Years later, Sherman mentioned the incident in his memoirs but dismissed the correspondence as “too personal to revive,” claiming that Stanton “often regretted his mistake in attempting to gain popular fame by abusing army leaders, then as now an easy and favorite mode of gaining notoriety, if not popularity.” But Sherman’s breezy dismissal of this unsavory episode of his military career glosses over the other key issue that the correspondence brought before public attention at the time: that of the oftentimes strained relationship between West Point-trained officers and the volunteer armies that they led in the field. The correspondence is significant in that it illustrates the interplay of politics, morale, and discipline, versus the wider effort of defeating the Confederacy.[2]

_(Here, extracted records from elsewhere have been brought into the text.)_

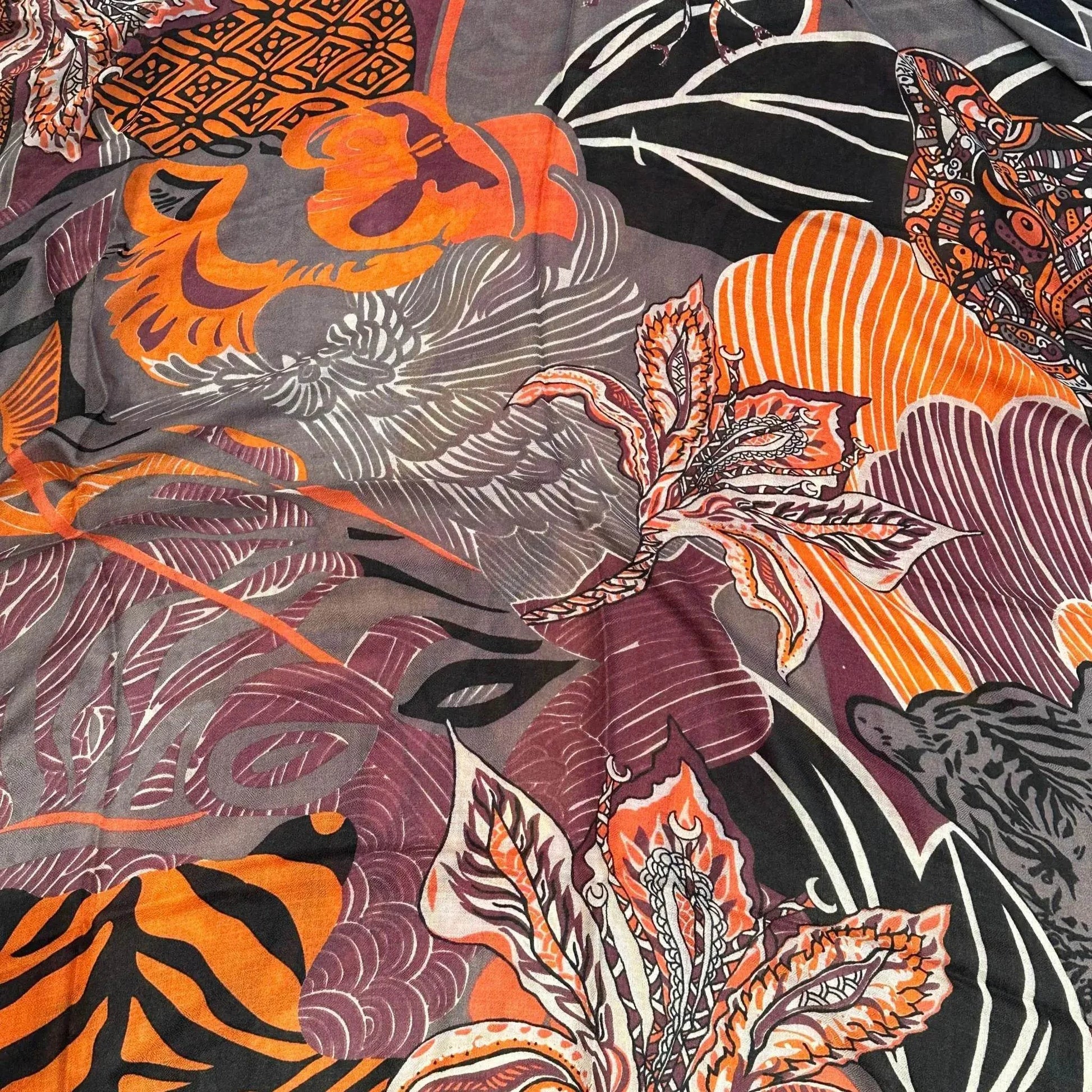 100 % allerfeinste Changra-Kaschmir-Qualität, Handgewebt - mit feiner Struktur, mit Allover-Print bedruckt, Hand-Siebdruck, Kanten von Hand gerollt, fair trade, mehr...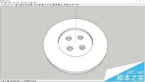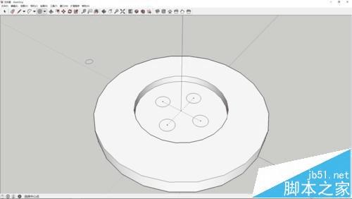 6、绘制四个圆,用推拉工具推出通孔。删除参考线,完成。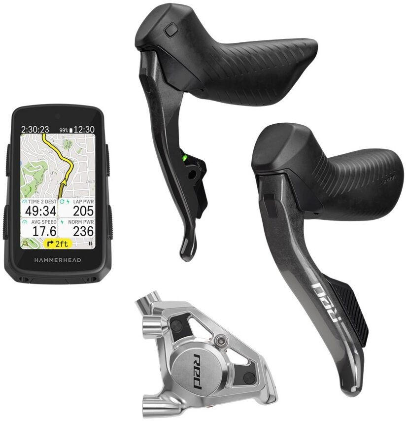 Aftermarket kit includes the Hammerhead Karoo bike computer, left and right shift-brake system controls, and flat mount calipers.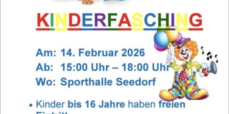 14. Feb Veranstaltung [Amtlicher Beitrag] Kinderfasching am 14.02.2026 15-18 Uhr TSV Seedorf – Sterley Posted on 08. Feb 2026 Add to calendar zu Google Kalender hinzufügen iCalendar Outlook 365 Outlook Live Details Datum: 14. Februar Zeit: 15:00 - 18:00 Veranstaltungskategorien: Kinder & Jugend, Veranstaltungen Veranstaltungsort Seedorf Seedorf, 23883 + Google Karte Veranstalter TSV Seedorf – Sterley Phone 04545789198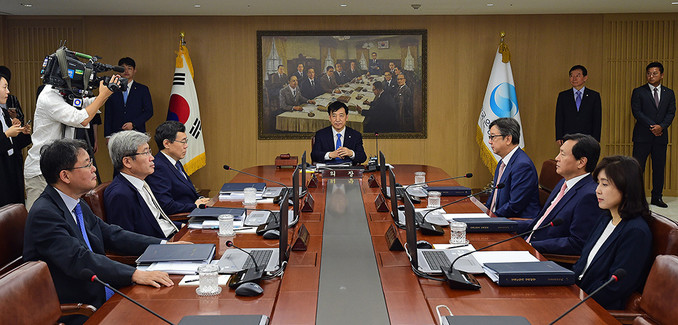 이주열 한국은행 총재가 18일 서울 중구 한국은행에서 금융통화위원회 본회의를 위해 자리에 앉아있다.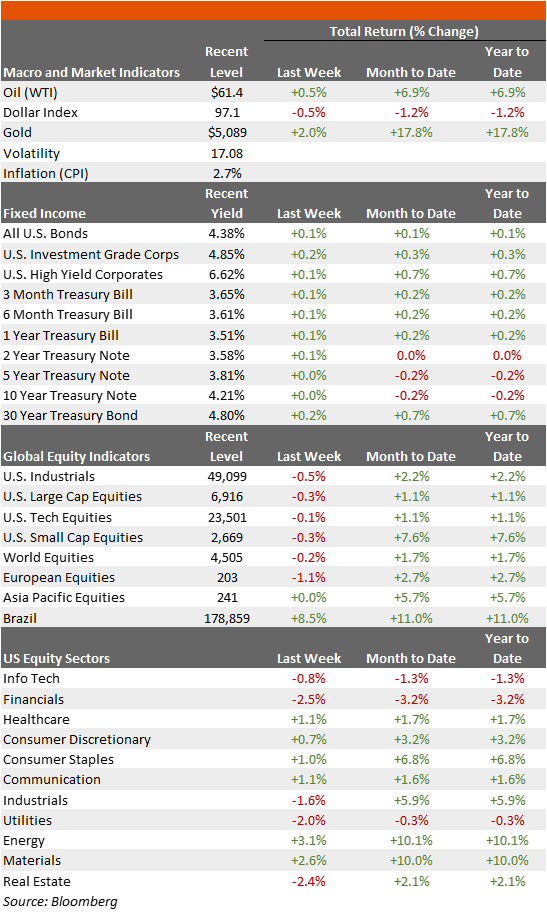 • Last week’s Davos forum ended with de-escalation from the U.S. regarding Greenland, with President Trump announcing a framework for U.S. interests in with NATO leader Rutte. Markets took the resolution positively and equities posted small losses for the week, recouping larger losses from Tuesday with a late week rally. Geopolitical uncertainty is driving a rally in safe haven assets such as gold, which is up 18% in the first few weeks of the year and now above $5,000. Meanwhile, the U.S. dollar continues to slide.

The first detailed account of Shiloh appeared on the front page of the April 14th edition of the Chicago Tribune as witnessed by a Chicago volunteer named Frank W. Reilly. Reilly served as the assistant surgeon of the 45th Illinois Infantry and had arrived for duty just days before the battle. He was less than impressed with what he saw of General Sherman. Referring to the evening of April 5th, Reilly stated that “General Grant had issued his orders to Gen. Sherman not to 'bring on an attack' and that officer added to his eccentricities by strict obedience, most pacifically calling in his pickets and going to bed early with that sweet consciousness of fidelity which is the best reward of obedience,” this despite the fact that the Rebel army was so close to the Federal camps that “in the night air the ring of a ramrod might almost have been heard. “ Reilly reminded readers that “Sherman is the officer who professed to need 100,000 men to reduce Kentucky,” a call that led some to publicly wonder that Sherman was crazy. “The proofs are thickening that that number is far too many to entrust to General Sherman.” [3]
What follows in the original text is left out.